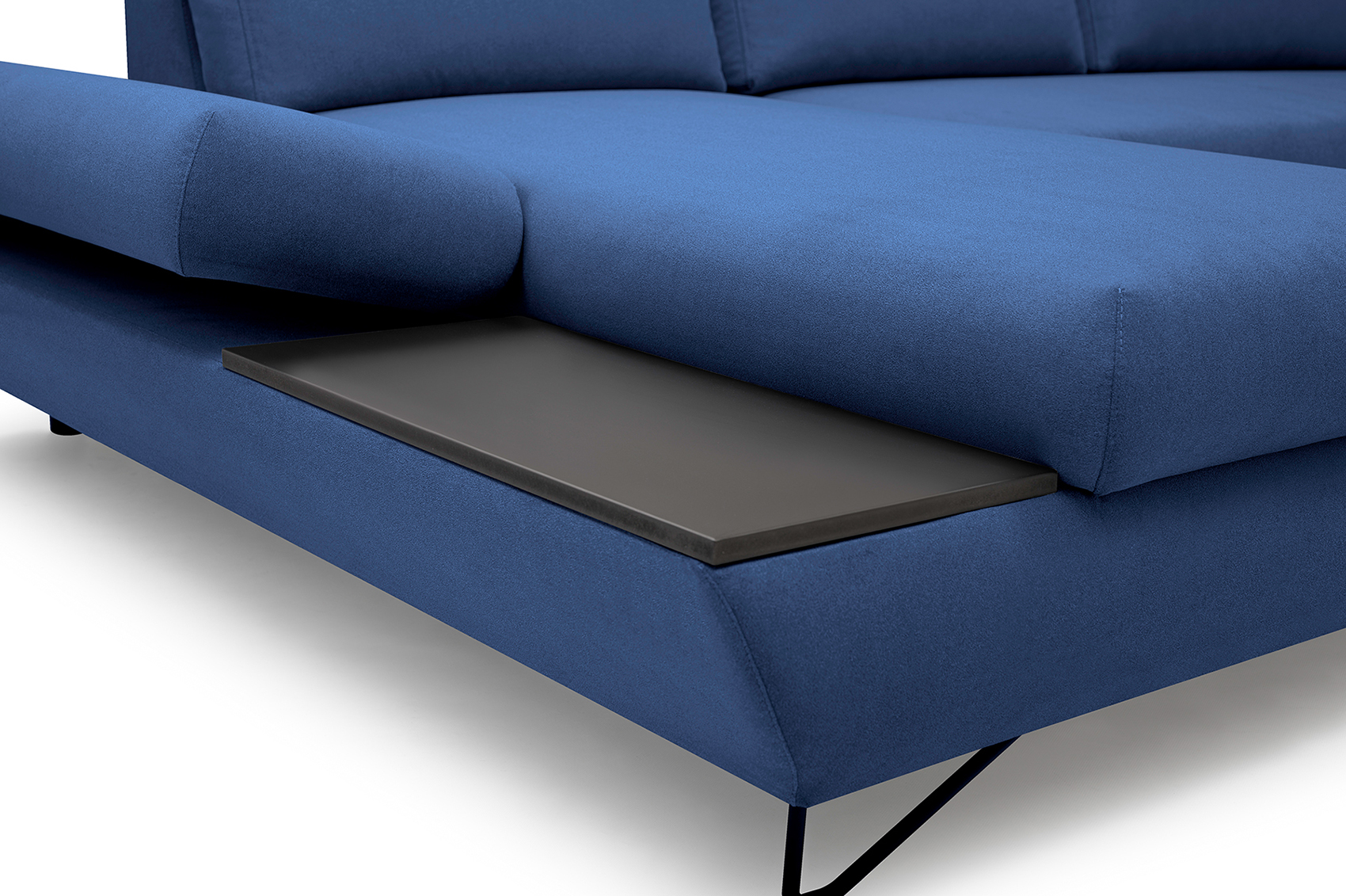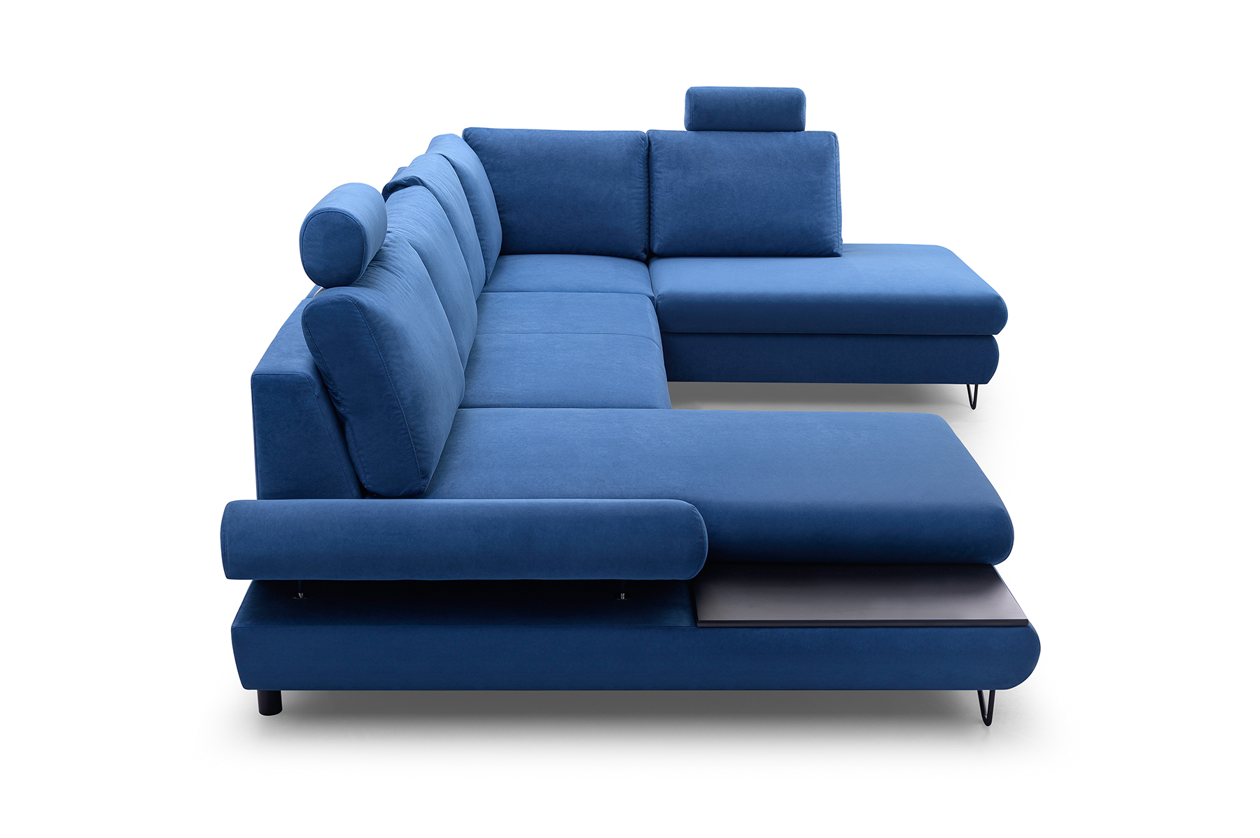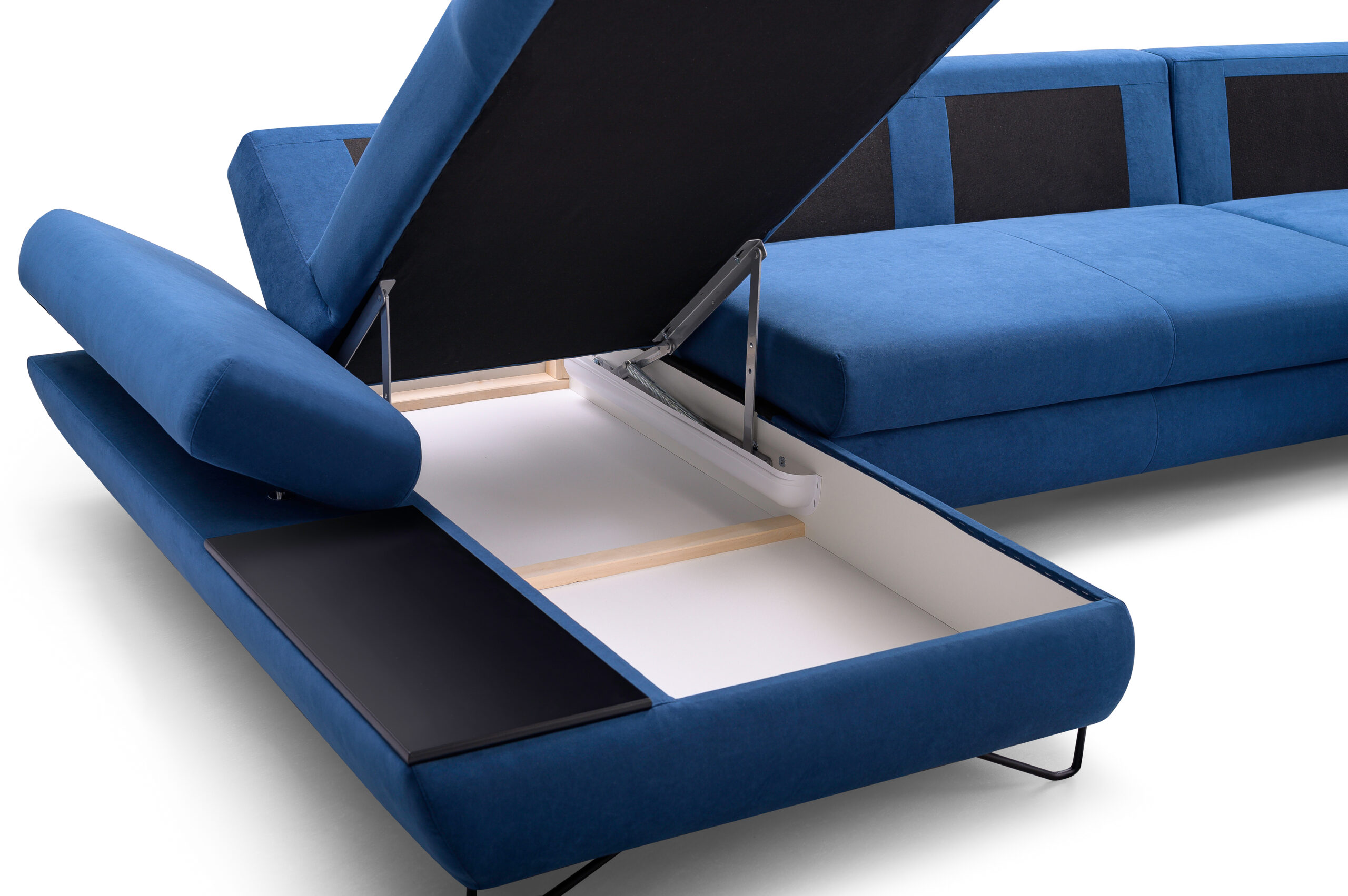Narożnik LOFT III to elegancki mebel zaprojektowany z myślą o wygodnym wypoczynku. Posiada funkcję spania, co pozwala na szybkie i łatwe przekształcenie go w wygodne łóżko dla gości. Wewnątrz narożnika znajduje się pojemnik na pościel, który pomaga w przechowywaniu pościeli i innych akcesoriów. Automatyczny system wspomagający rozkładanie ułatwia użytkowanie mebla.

#####

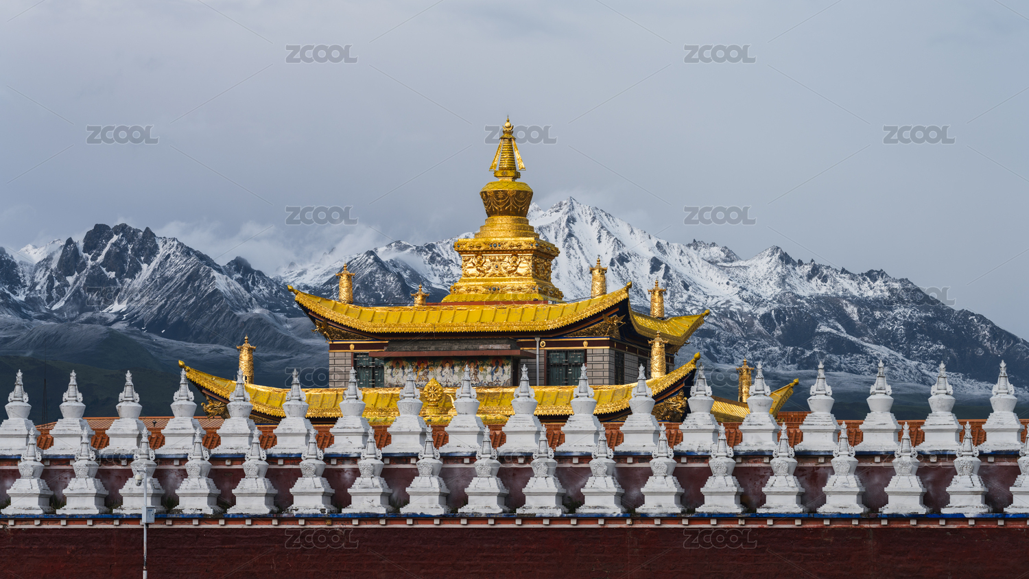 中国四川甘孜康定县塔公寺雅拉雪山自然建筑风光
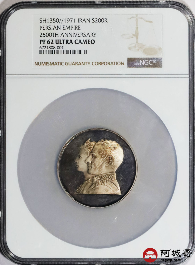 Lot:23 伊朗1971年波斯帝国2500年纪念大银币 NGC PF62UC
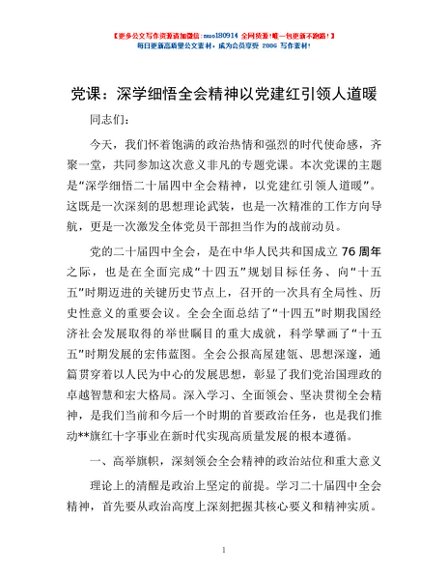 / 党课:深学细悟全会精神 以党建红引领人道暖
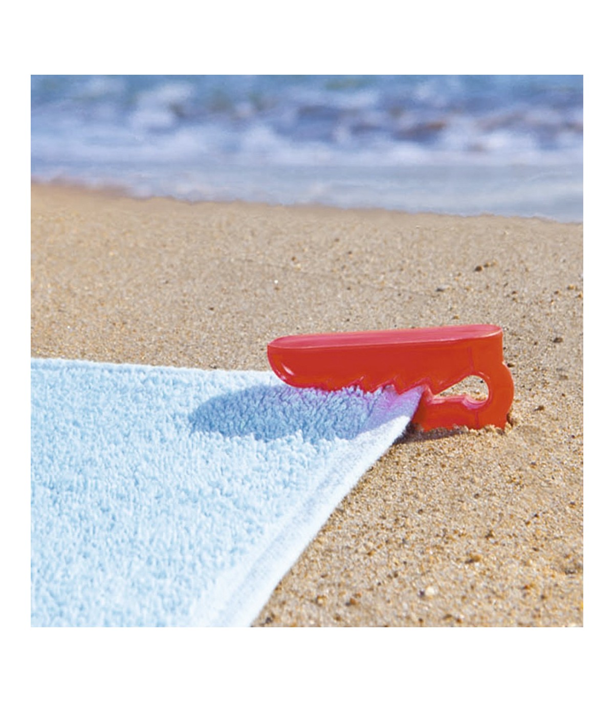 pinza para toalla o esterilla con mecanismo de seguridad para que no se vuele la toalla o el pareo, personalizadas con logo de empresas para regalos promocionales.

#####

Assignment:
Look back at the data above, then output exactly the lines from the line holding "Lot:23 伊朗1971年波斯帝国2500年纪念大银币 NGC PF62UC" up to and including the line holding "pinza para toalla". Leave out the pictures.

Solved problem:
 Lot:23 伊朗1971年波斯帝国2500年纪念大银币 NGC PF62UC
 / 党课:深学细悟全会精神 以党建红引领人道暖
 pinza para toalla o esterilla con mecanismo de seguridad para que no se vuele la toalla o el pareo, personalizadas con logo de empresas para regalos promocionales.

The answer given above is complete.